CREDIBILITY, LEAVING THE ROOM
Efficiency used to be my middle name. I could turn on laser-like focus aka Sarah Lund and power through any challenge, meet any deadline and deal with any crisis. Not anymore. Mental energy was low. The ability to think clearly and logically, to plan and organise, to make decisions with certainty felt like it was slipping through my fingers. I’d find myself setting alarms for 4 am to get up to work on to-do lists that I still couldn’t tick off. Everything felt more involved, needed more time, seemed more difficult. On reflection, my loss of mental energy was the aspect of burnout that felt most visible to others and therefore was one of my major stressors. Beating yourself up about mistakes, poor timekeeping, loss of confidence in your own decision-making. I’ve learned that the feeling of ineffectiveness that comes with burnout is a lot about losing your potency and edge. A killer of a symptom for high achievers I can tell you.
QUICK FIX ESCAPISM
Emotional energy was actually the only energy source I really invested in. It felt like the one part of my ‘get up and go’ I could actually control. And the most compelling rewards – numbing, escaping, forgetting. On reflection, that ‘investment’ was more like feeding a fix than nurturing care. The fake feeling of happiness, the fleeting moment of contentment, chasing the temporary highs. Everything from obsessive seeking the euphoria of hardcore working out, to heavy nights out and all the pleasure that they give you at that moment.

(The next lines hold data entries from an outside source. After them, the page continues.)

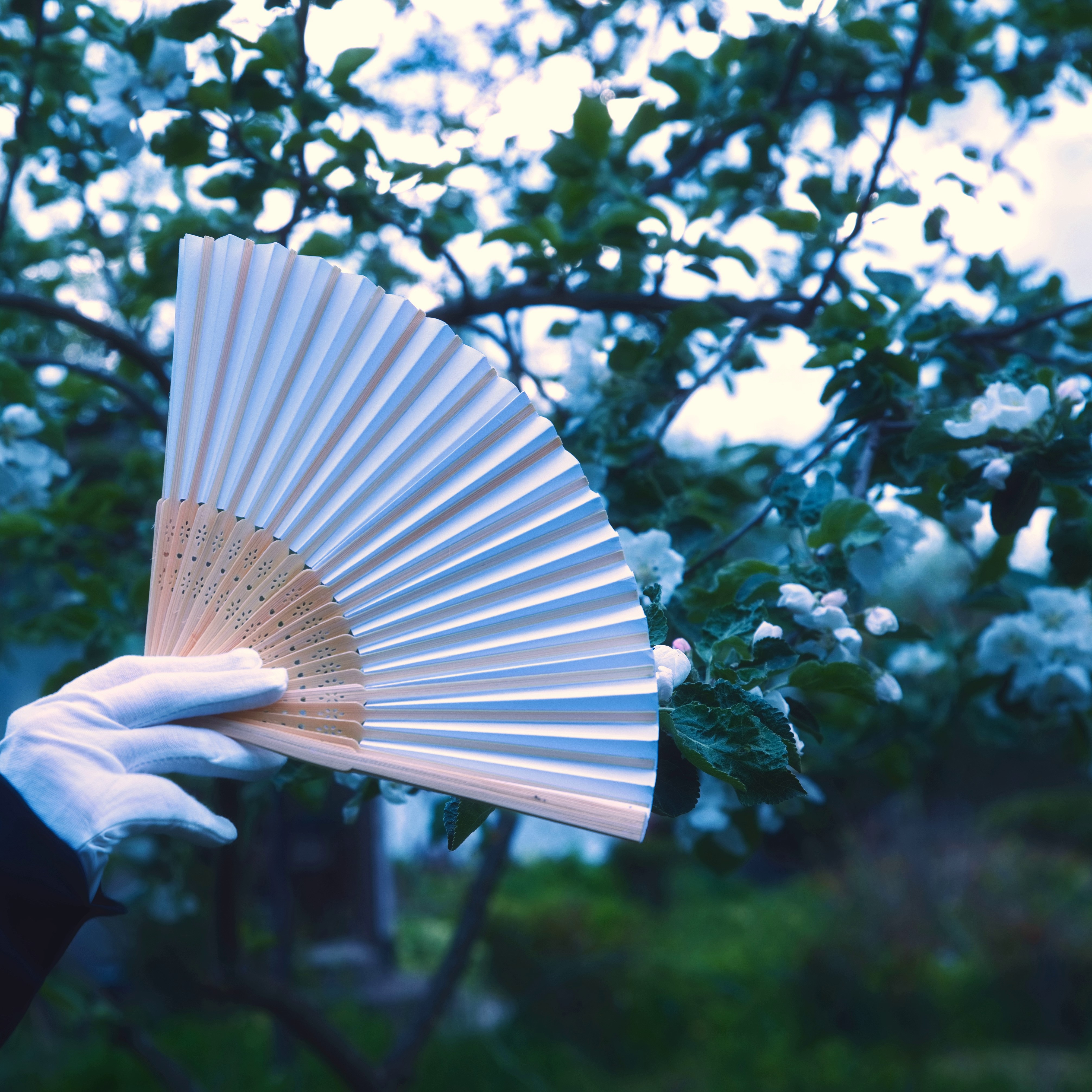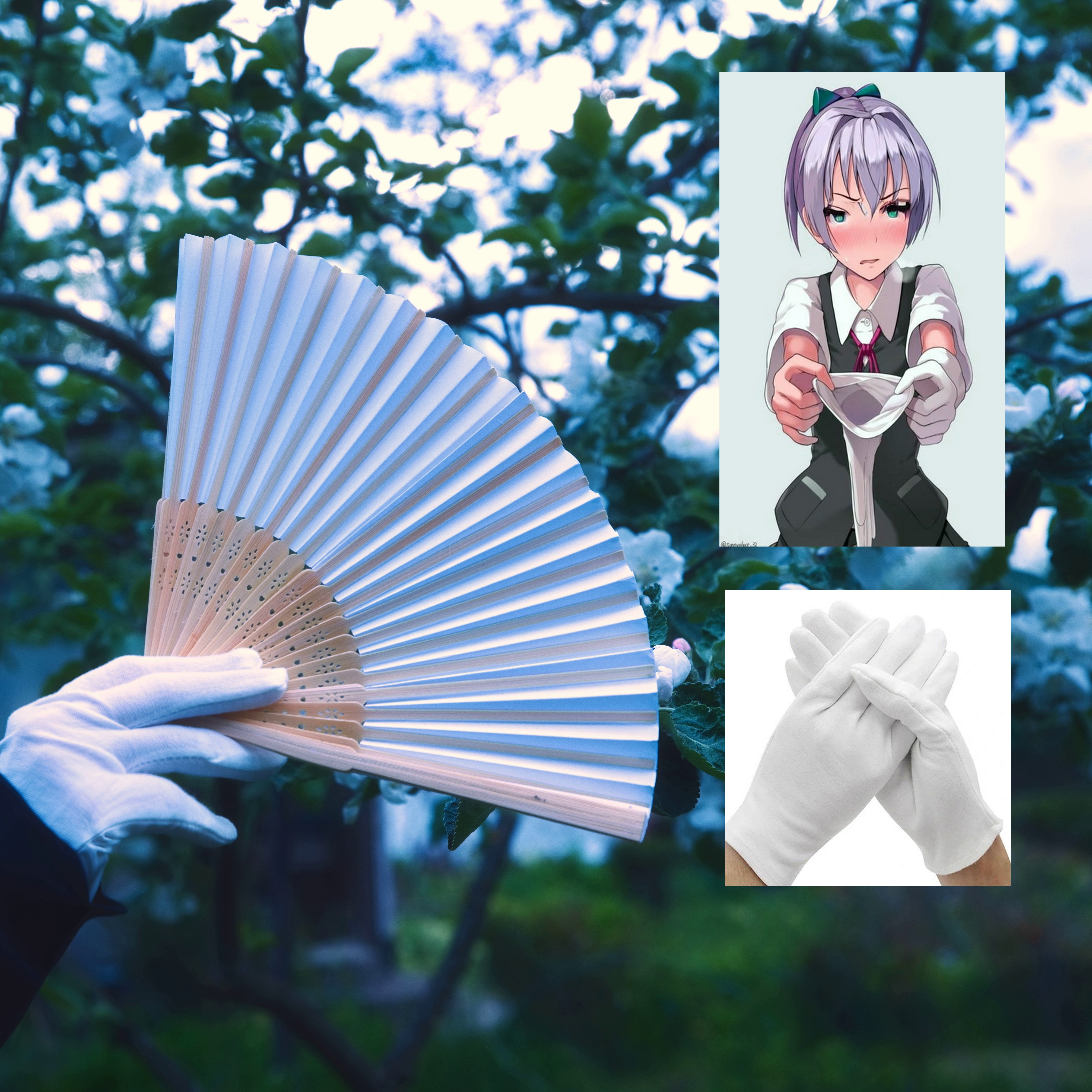 Веер ручной бамбуковый 21см. + Белые перчатки из хлопка / В Японском аниме стиле
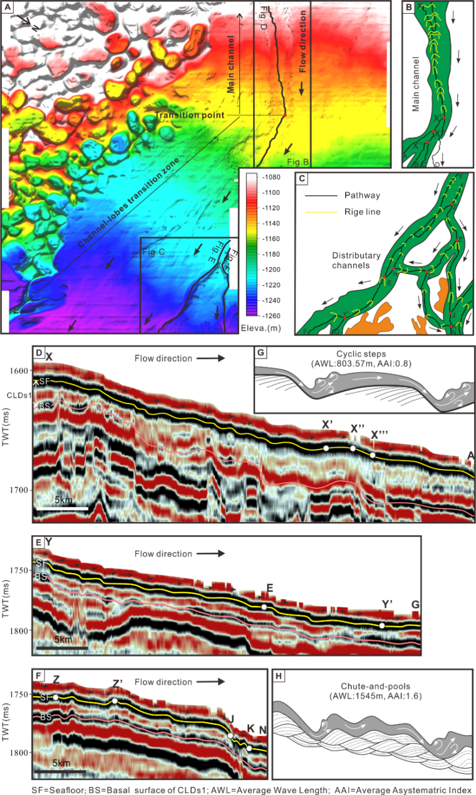 (一) 盡管前人通過水槽實驗和露頭測量已經(jīng)建立了濁流底形的理論演化模型,但是,水道-朵葉體轉(zhuǎn)換帶(the channel–lobe transition zones,簡稱CLTZ)內(nèi)的濁流底形演化很少有文獻記載,對其了解也非常少。以南海瓊東南盆地高分辨率三維人工地震資料為基礎(chǔ),采用地震沉積學與海底地貌學結(jié)合的分析方法,刻畫了水深1080-1260米、40公里長的現(xiàn)代海底濁流水系;推進了微地貌尺度的深水濁流底形觀測;在CLTZs內(nèi),更新了弗洛德數(shù)(Fr)整體下降趨勢下,局部超臨界流動和水力躍變的演化模型。
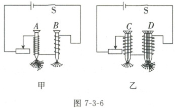 为了验证猜想,他们准备的实验器材有:新干电池2节、相同的大铁钉若干、大头针若干、长导线1根、细线若干。用其中2个大铁钉绕成电磁铁A和B,电路如图7-3-6甲所示。请你完成下列习题。
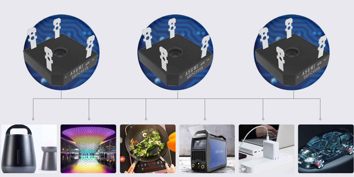 整流桥被广泛适用于:电源、充电器、适配器、LED灯饰、大小家电、民用及工业设备等产品中使用
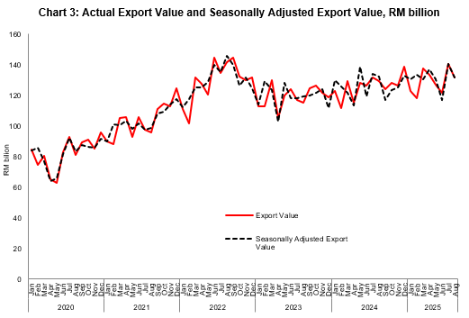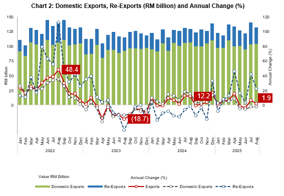 Malaysia’s exports rose by 1.9 per cent in August 2025, rising from RM129.1 billion in August 2024 to RM131.6 billion.
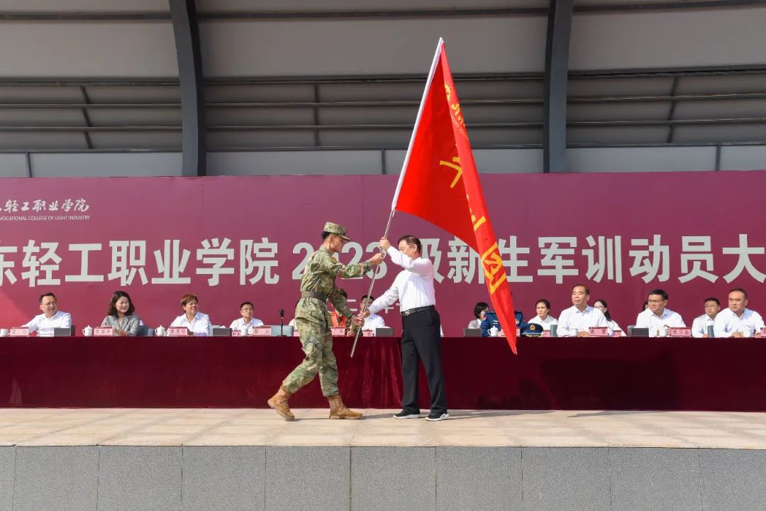 大会在庄严的国歌声中开幕,全体师生面向国旗共唱国歌。学校党委书记范桂君向2023级新生军训团团长聂书展授旗。
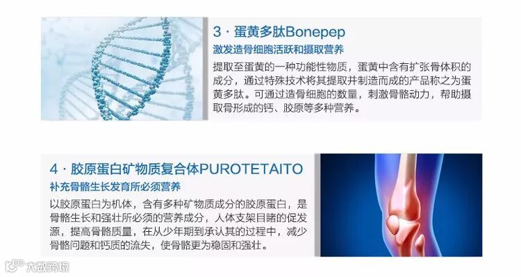 プロテタイト:增加骨密度和有利于骨质改善的“胶原蛋白和矿物质的复合体”。
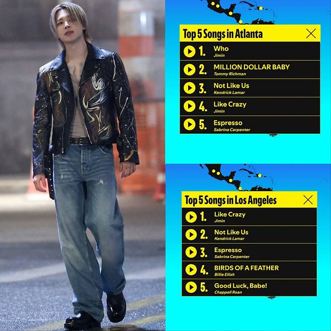 But that’s not all—Jimin's hit song "Who" topped the Atlanta city chart, and his previous smash "Like Crazy" from his first album "FACE" clinched the top spot in Los Angeles. It’s clear that Jimin’s influence as the most-streamed K-pop artist in the U.S. is undeniable.
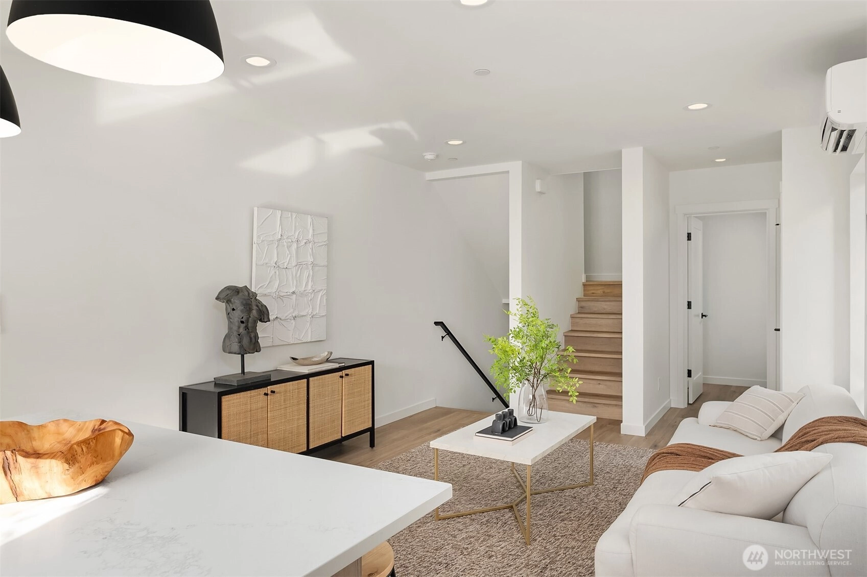 Final home in this community! United Seattle presents a thoughtfully designed modern home in Ballard’s desirable West Woodland neighborhood. The flexible main level includes a spacious bedroom with separate exterior access and a full bath, ideal for a live/work setup, guest suite, or private office. Second floor is light-filled and open, featuring a sleek kitchen with large island and quartz counters that flows seamlessly into the living area, perfect for entertaining, plus a convenient powder room. Upstairs, the primary suite impresses with a spa-like bath with heated floors and a walk-in closet, alongside a bonus office or nursery with its own private balcony. Enjoy low-maintenance outdoor living on the rooftop deck with territorial views. Zoned mini-splits, smart storage, and off-street alley parking complete the package—all just minutes to Ballard Avenue, the farmers market, breweries, parks, and the Burke-Gilman Trail.
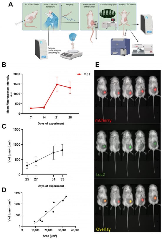 MZT-Luc2-mCherry successful engraftment in NSG-SGM3 mice provides a useful model of tumorigenesis. (A) Schematic representation of the experimental timeline and methods used. (B) Mean fluorescence intensity of the tumors as measured by optical tomography using LumoTrace® FLUO bioimaging system (Abisense, «Sirius» Federal Territory, Russia) over 28 days of tumor growth (n = 17). Data are presented as mean ± SEM and measured in arbitrary units (a.u.). (C) Tumor volume progression as measured by caliper over the course of the experiment (n = 5). Data are presented as mean ± SEM. (D) Correlation between tumor volume measured by caliper and tumor area measured by optical tomography using LumoTrace® FLUO bioimaging system. Correlation analysis performed using Pearson’s correlation coefficient (r). (E) Representative optical tomography images. Top: fluorescence measurement (exposure 1200 ms, binning 1 × 1, LED 590, filter 650-40). Middle: bioluminescence measurement (exposure 10,000 ms, binning 8 × 8, LED 0, no filter). Bottom: overlay image (bright field: exposure 1200 ms, binning 1 × 1, LED white light, no filter).

Of course, this kind of emotional energy has no lasting value, but it made me feel something, which I really needed. What I have learned is that emotional energy needs to be nurtured with love and affection vs. throwing scraps to it in a needy scrappy way. It’s made me question my motives for pleasure seeking these days, leaving me with a preference for positive good living and a need to be in environments and around people that feed, not drain, this energy source.
ADJUSTING YOUR LEVELS
These days I work as a coach supporting others in their relationship with work, and these learnings about energies and how they work for and against us are a significant part of my approach. I strongly believe there’s great power in understanding how energy works for you as an individual. In a world where our energy is challenged on a daily basis, knowing how to nurture it is an important life skill for contemporary lives.